The most common version of this mistake is subtler than mass-emailing faculty. It’s the question you ask the moment they come out of the audition room.
How’d it go? What did they say? Did they seem to like you?
I was definitely guilty of this. You’ve been sitting in a hotel lobby for two hours. You’re invested. You want to know. It feels completely natural to ask. But what you’re actually doing is taking someone who just spent every ounce of emotional and artistic energy they had in that room, and immediately asking them to perform again - this time for you. All you’re doing is adding to the pressure.
My daughter finally told me to stop asking, somewhere in the middle of Chicago Unifieds. I started waiting for her to bring it up on her own instead, and she always did, and those conversations were better. I wish I’d figured that out earlier in the season rather than later, but I didn’t, and I’m passing it along now.
A few other things I had to actively work against:
Don’t obsess over the prescreens. Once they’re submitted, they’re submitted. Watching them another fifty times looking for things she could have done better isn’t useful, and if she catches you doing it, it’s actively harmful. Trust the work that went into making them. One other bit of advice that my daughter has learned as a freshman is that it’s generally not worth recording pre-screens over and over again, looking for that perfect take. Of course, if something went off the rails in a recording and you can easily fix it - do that. But all those tiny little details and differences between takes that your child may notice won’t really matter in terms of getting in.
Don’t make it your identity. This one is harder than it sounds, because you’re going to spend an enormous amount of concentrated time with your kid during this year - traveling together, sitting in lobbies together, going through highs and lows together - and it’s great in a lot of ways. But at some point the season ends, they go to college, and if your entire sense of purpose has been wrapped up in this process, that transition is going to be rough. Your kid is auditioning. You are not. Whether they get into a program or not is not a reflection on them, and it’s certainly not a reflection on you.
Lower your expectations for control. You’re going to spend months helping with every aspect of this process: building the list, tracking the deadlines, booking the travel, handling the logistics. It can start to feel like you’re running a campaign, and campaigns have outcomes you’re trying to influence. But you are not the one driving this bus. The artistic decisions are theirs. The relationship with the stage is theirs. Your job is to make sure the infrastructure holds so they can focus on what actually matters in those rooms.

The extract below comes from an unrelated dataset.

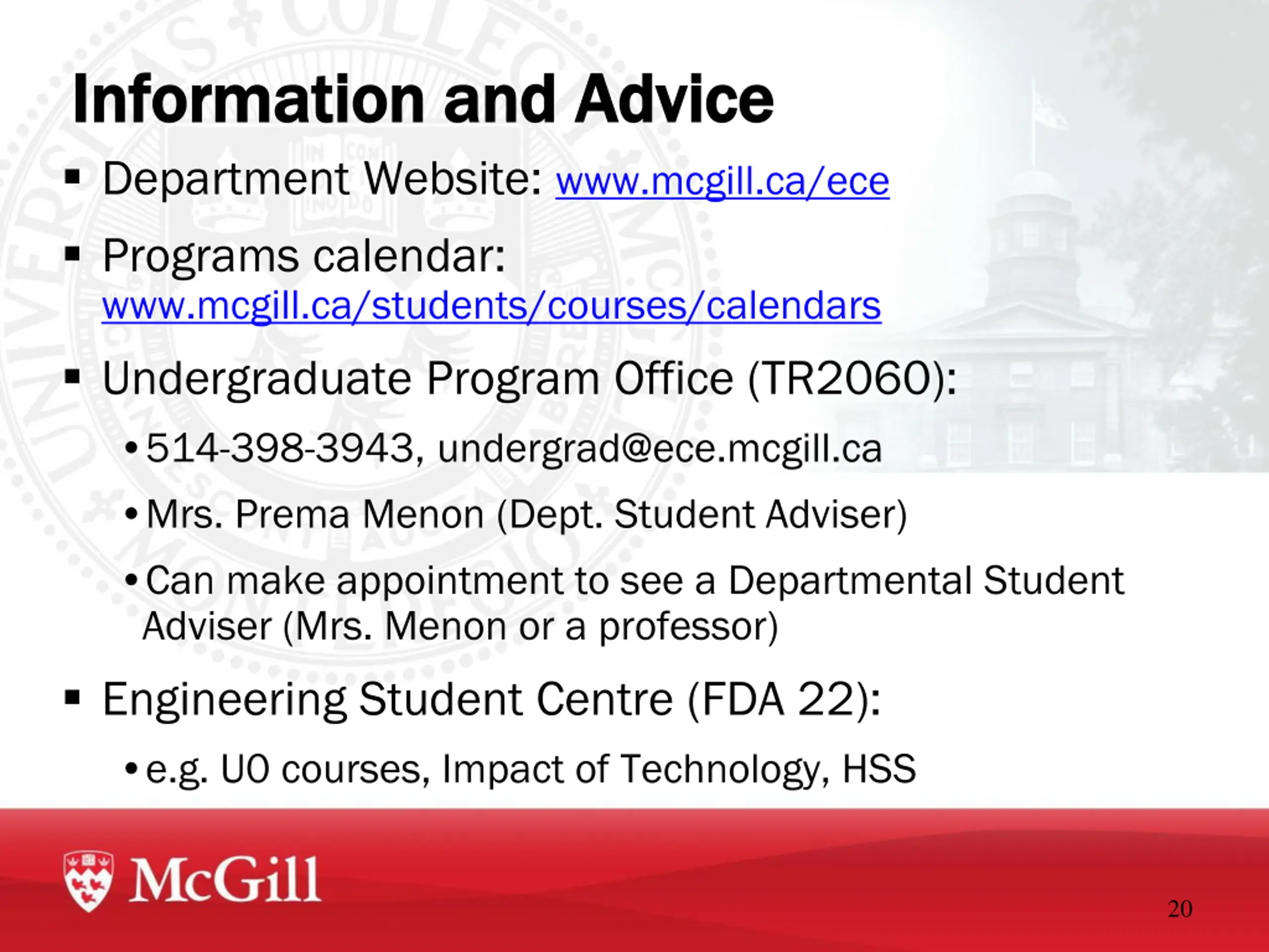 Information and Advice Information and Advice Department Website: www.mcgill.ca/ece Programs calendar: www.mcgill.ca/students/courses/calendars Undergraduate Program Office (TR2060): 514-398-3943, undergrad@ece.mcgill.ca Mrs. Prema Menon (Dept. Student Adviser) Can make appointment to see a Departmental Student Adviser (Mrs. Menon or a professor) Engineering Student Centre (FDA 22): e.g. U0 courses, Impact of Technology, HSS 20

Stay humble about your kid’s chances. Everyone in this process is talented. Every kid at a Unifieds event is talented - that’s why they’re there. Overconfidence about who deserves to get in leads to exactly the kind of behavior that ends up discussed at lunch tables. The bar is genuinely high, and the process is genuinely random at the margins, and modeling graciousness for your kid - being happy for the kids around them who get good news, not bitter about the ones who don’t - matters more than most parents realize.

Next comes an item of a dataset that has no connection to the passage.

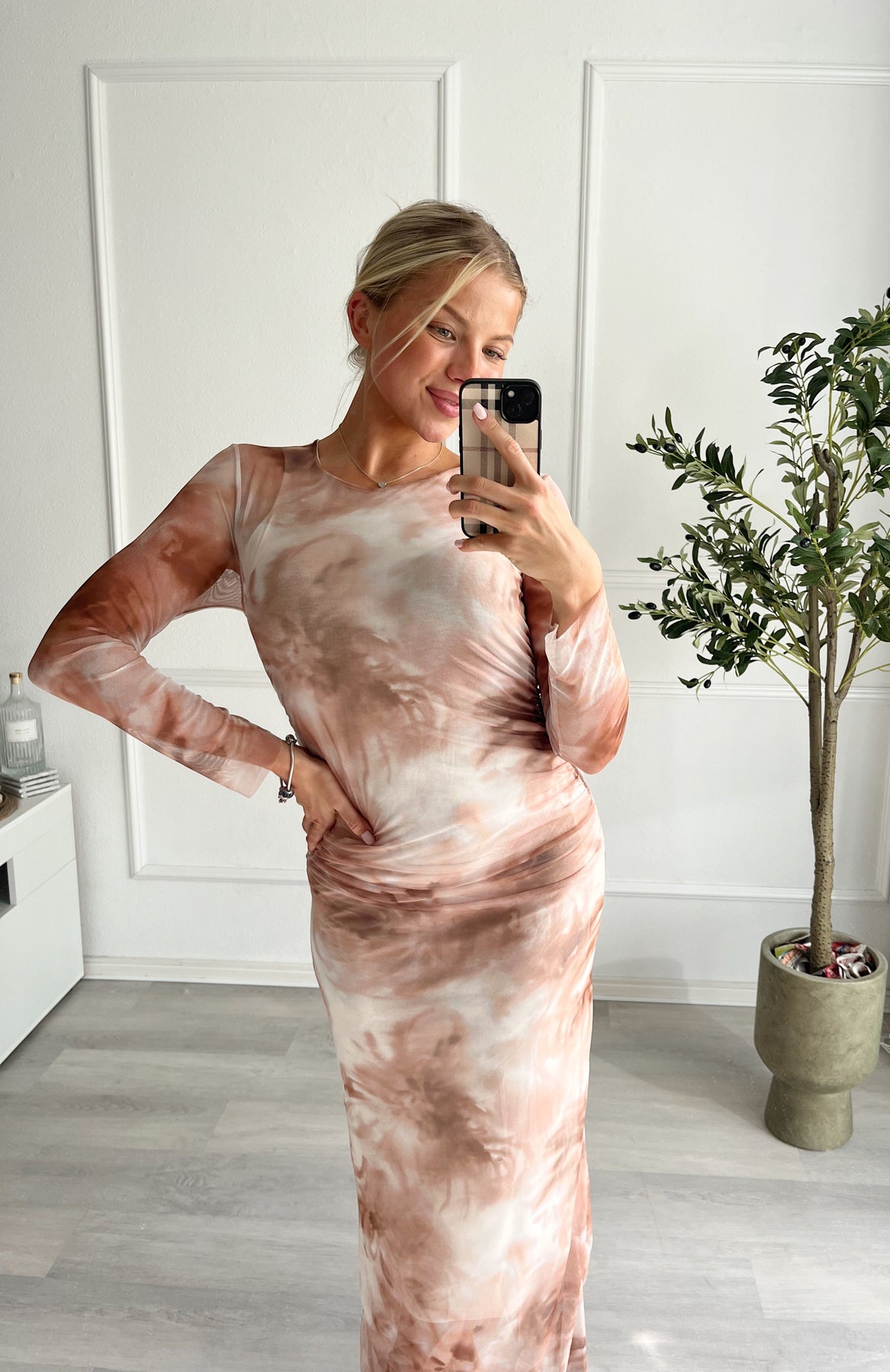 Ein stylishes Maxikleid, das mit seinem modernen Batik Print alle Blicke auf sich zieht. Ideal für den Alltag sowie besondere Anlässe

There’s a version of all of this that I’d summarize as: remember whose dream this is. You are there to support it, not to own it. The moment you start treating your kid’s MT ambitions as your project to manage, your mission to accomplish, or your identity to protect, you’ve crossed a line that’s hard to walk back from.
Theater kids, from what I’ve seen, are remarkably good at cheering for each other. They celebrate each other’s acceptances, they encourage each other through rejections, they seem to genuinely want everyone around them to succeed. As parents, we could learn something from that. Our job is to raise a good human who’s happy when other people do well - and if we do that job right, the rest tends to take care of itself.